Question

Consider the function $f :[\frac{1}{2},1]$⇢R defined by $f(x)=4\sqrt2x^3-3\sqrt2x-1$.Consider the statements
(1)The curve y=f(x) intersect the x-axis exactly at one point
(2)The curve y=f(x) intersect the x-axis at $x=cos\frac{\pi}{12}$
Then

• A. Only (II) is correct
• B. Both (I) and (II) are incorrect
• C. Only (I) is correct
• D. Both (I) and (II) are correct

Answer 1

Answer: (D)

Both (I) and (II) are correct

Answer 2

Step 1: Check the Derivative $f'(x)$ for Monotonicity

$f'(x) = 12\sqrt{2}x^2 - 3\sqrt{2} \geq 0$ for $\left[\frac{1}{2}, 1\right]$

Step 2: Evaluate $f(x)$ at the Endpoints

$f\left(\frac{1}{2}\right) < 0$

$f(1) > 0$

Since $f(x)$ changes sign from negative to positive, there must be exactly one root in $\left[\frac{1}{2}, 1\right]$, confirming that statement (I) is correct.
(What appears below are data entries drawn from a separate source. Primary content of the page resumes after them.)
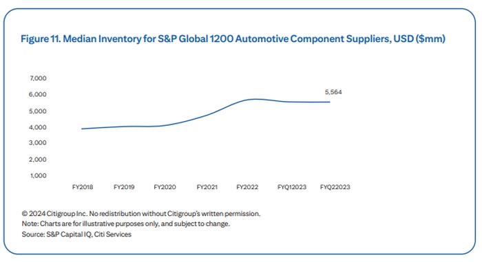 自2018年以来,汽车零部件公司的库存一直在稳步增长,并在2023年前两个季度保持在高位,这需要额外的营运资金来支持。
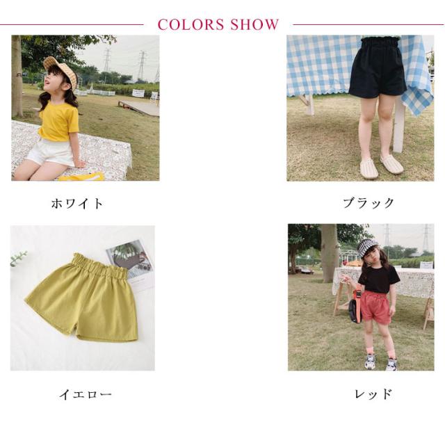ショートパンツ 子供服 キッズ ハーフパンツ 3分丈パンツ 短パン 半ズボン ショーパン ボトムス 夏服 ウエストゴム 女の子 小学生 中学生 ブラック ホワイト ブラック イエロー レッド 110 120 130 140 150 160
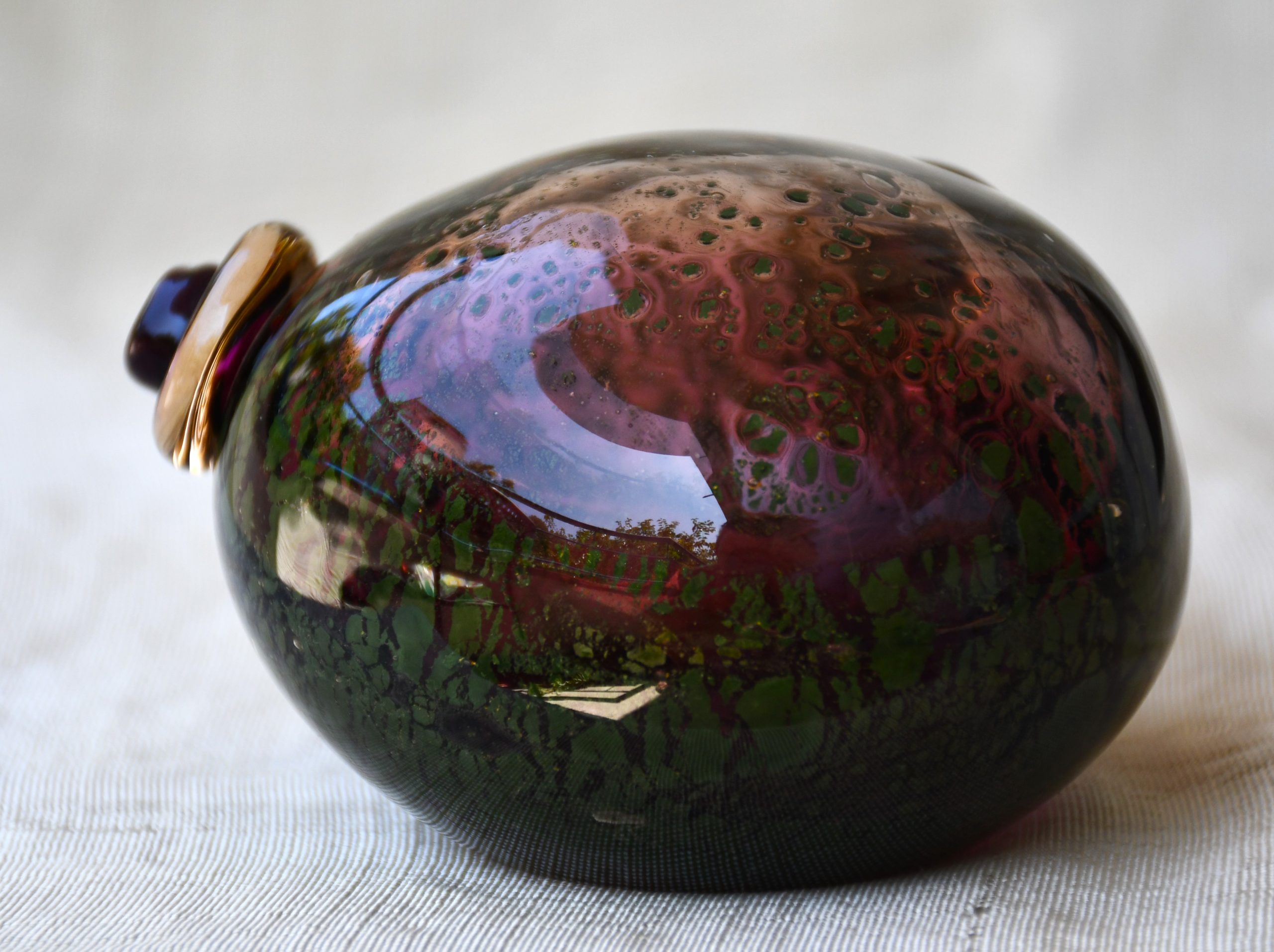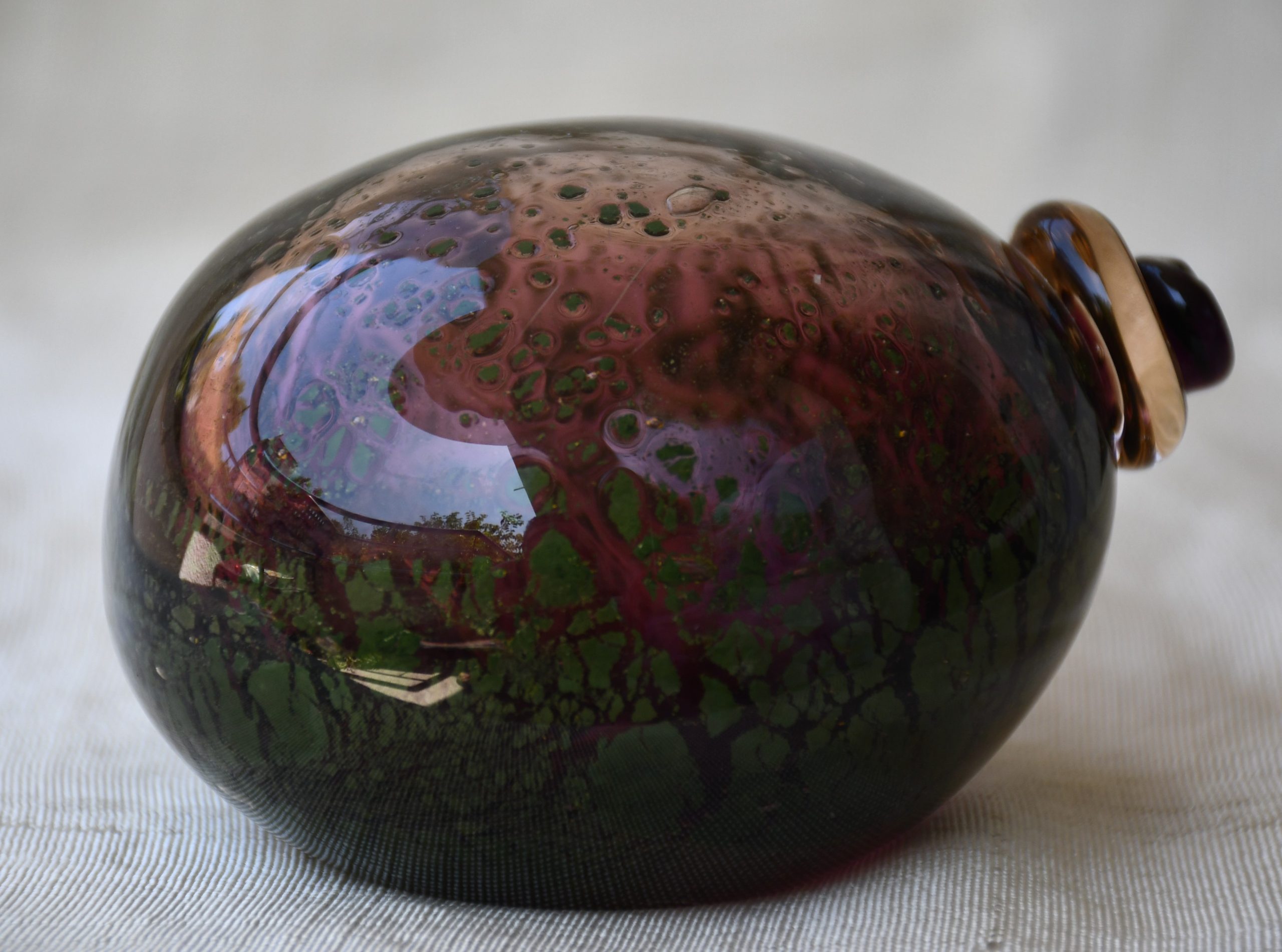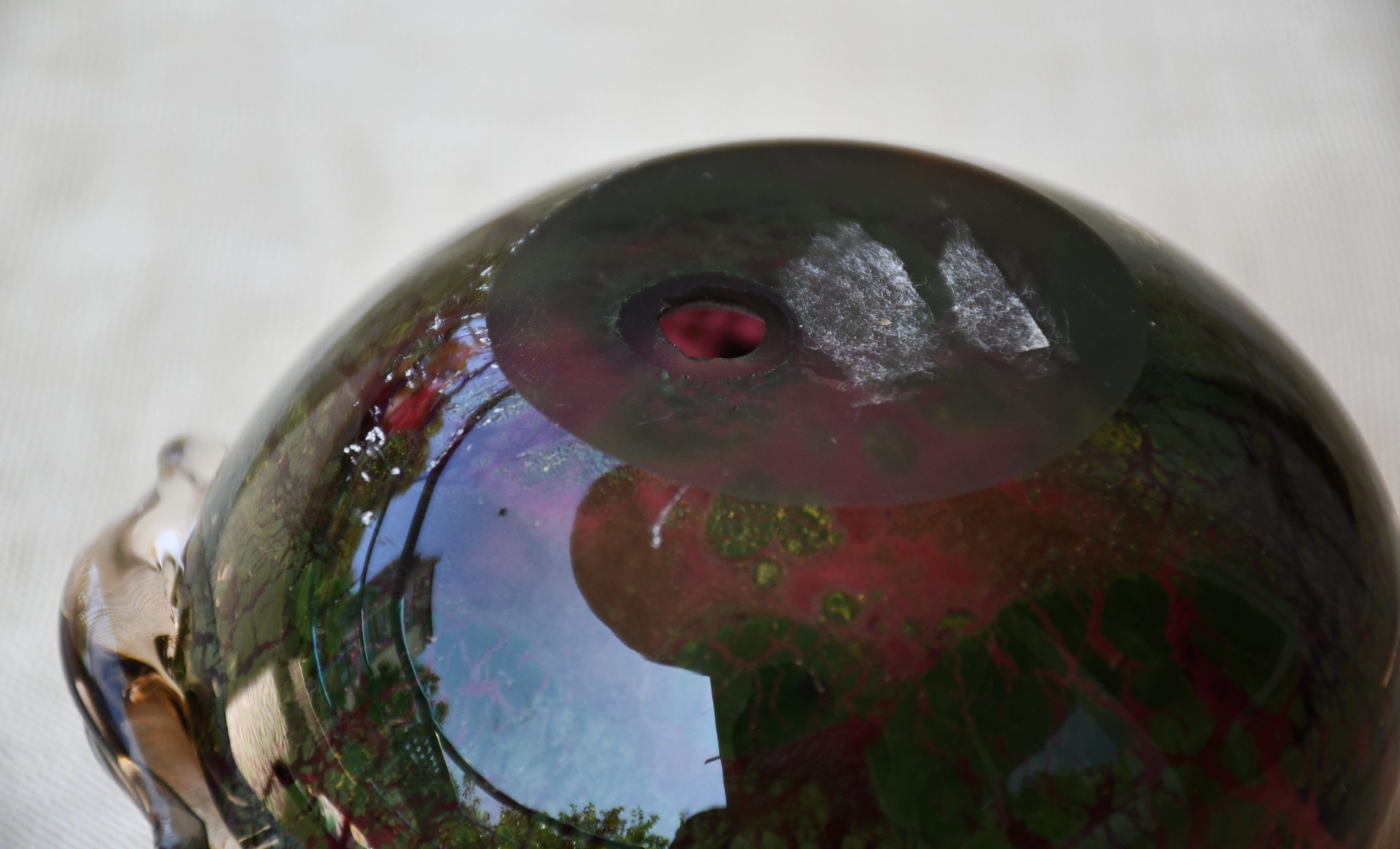 В чудесно общо състояние, съвсем леки следи от изминалото време – наистина незначителни леки драскотини. Остатъци от етикет по дъното. Малки несъвършенства вътре в стъклото, резултат от ръчния метод на изработка.
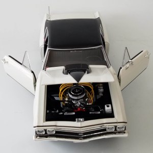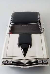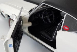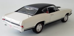 That’s what Round2, via its Auto World American Muscle brand, delivers in its new 1:18 scale 1968 Nickey Chevelle. It’s decked out in Ermine White with a flat black (vinyl) roof and sharp gloss black Stinger hood scoop. And like most American Muscle die-cast metal models, this one retails for $99.99. That’s high value for a model with detailed engine, interior and undercarriage.
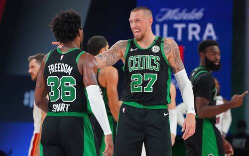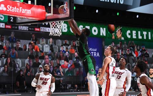 Boston trova infatti il modo di attaccare la zona messa in campo da coach Spoelstra che più volte aveva mandato in cortocircuito la fase offensiva dei Celtics: Daniel Theis da bloccante (e all’occorrenza tiratore dalla media) fa saltare i piani degli Heat, autore di una partita da 15 punti, 13 rimbalzi, 6/10 al tiro e 3 stoppate. Le sue giocate si aggiungono ai 27 punti combinati (con cinque triple) dal duo Smart-Walker: i Celtics insomma, spalle al muro, sfruttano al meglio tutte le armi a loro disposizione
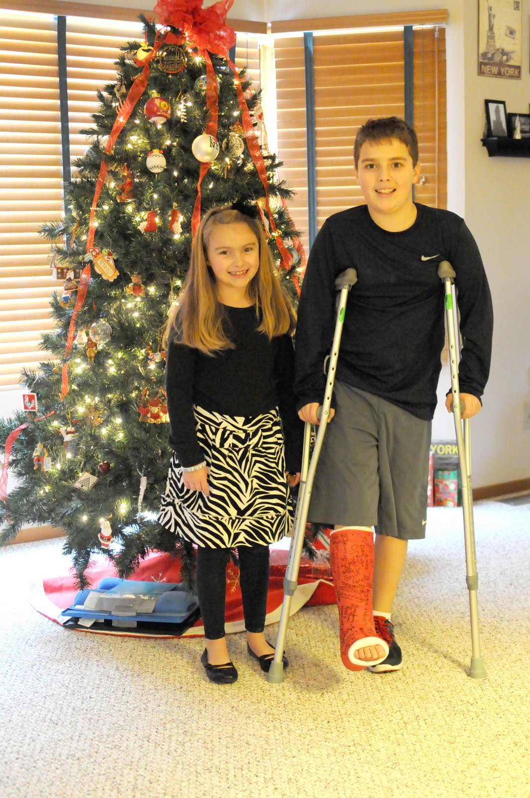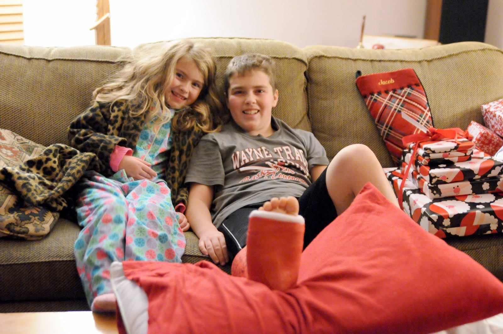 Apparently Ernie had an accident similar to Jacob's....we found him with a cast on and his leg propped on a pillow a few days before Christmas. :)
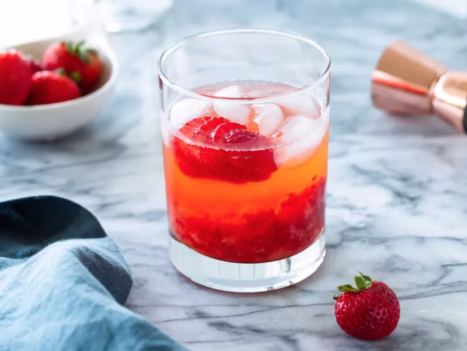 - Muddle the strawberries in the bottom of a tumbler or old-fashioned glass.
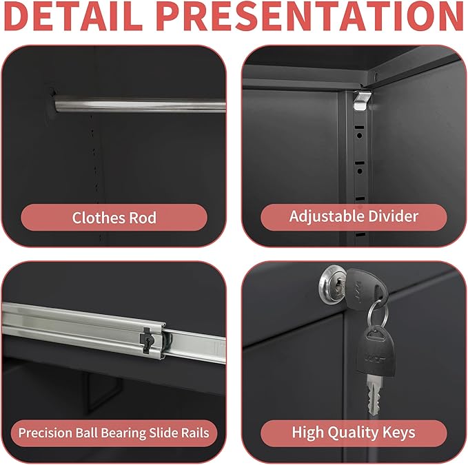 - 【Unique and Functional Design】The left side with slider drawer can be used to store your file of Legal/Letter size. while the right side of this metal file cabinet is equipped with 1 locking door and hanger,great for hanging your clothing or storing other belongs

Step 3: Check if $x = \cos \frac{\pi}{12}$ is a Root

Rewrite $f(x)$ in terms of $\cos \alpha$:

$f(x) = \sqrt{2}(4x^3 - 3x) - 1 = 0$

Let $\cos \alpha = x$, then $\cos 3\alpha = x$ gives $\alpha = \frac{\pi}{12}$, so:

$x = \cos \frac{\pi}{12}$

This confirms statement (II) is also correct.

So, the correct answer is: Both (I) and (II) are correct